Medicines Information
Enquiry answering guidelines
These guidelines draw together current UKMi guidance and resources (e.g. quick question guide, workbook, specialist centres, Medicines Q&As) and provide a guide to answering enquiries categorised by type. They can be easily adapted to include local resources.
The document can be used for training or as a helpful reminder for more experienced medicines information staff looking for inspiration.

For all enquiries you need to know:

  1. The enquirer.
  2. Contact details.
  3. Urgency of enquiry.
  4. Purpose of enquiry e.g. patient specific, project.
  5. What sources already been used (NB. Try to assess enquirers experience of searching more complicated resources as you may feel you need to do extra research).

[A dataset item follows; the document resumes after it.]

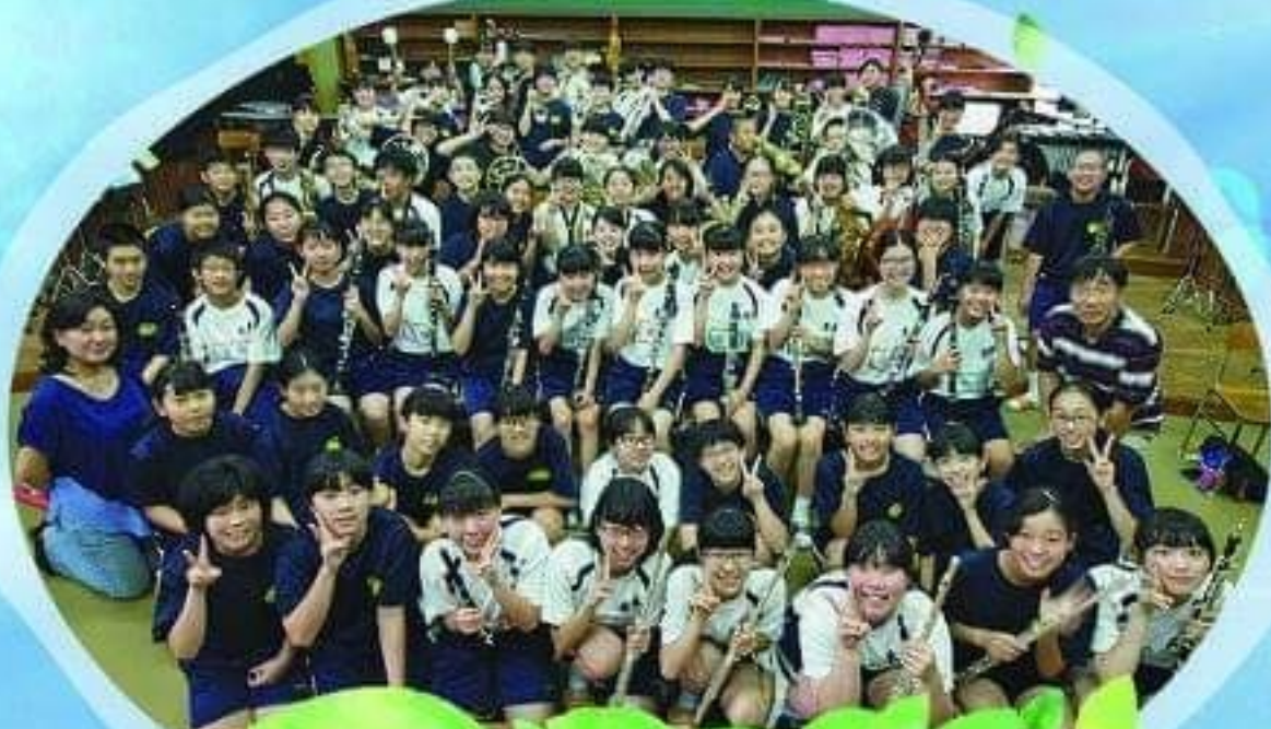
宮崎市立本郷中学校吹奏楽部

Each monograph is divided into the following sections:

  1. Background information specific to the enquiry type.
  2. Resources.
  3. First-line resources.
  4. In-house past enquiries. Always be aware of currency of information.
  5. UKMi Medicines Q&As – its like past enquiries - you will be annoyed if you a find a relevant one later!
  6. Other easily accessible resources.
  7. Additional resources.
  8. Local resources e.g. contact details of experts, relevant departments, policies, in-house filing systems.
  9. Answering the enquiry – useful pointers to factors that should be considered.
  10. Keyword suggestions for future enquiry retrieval.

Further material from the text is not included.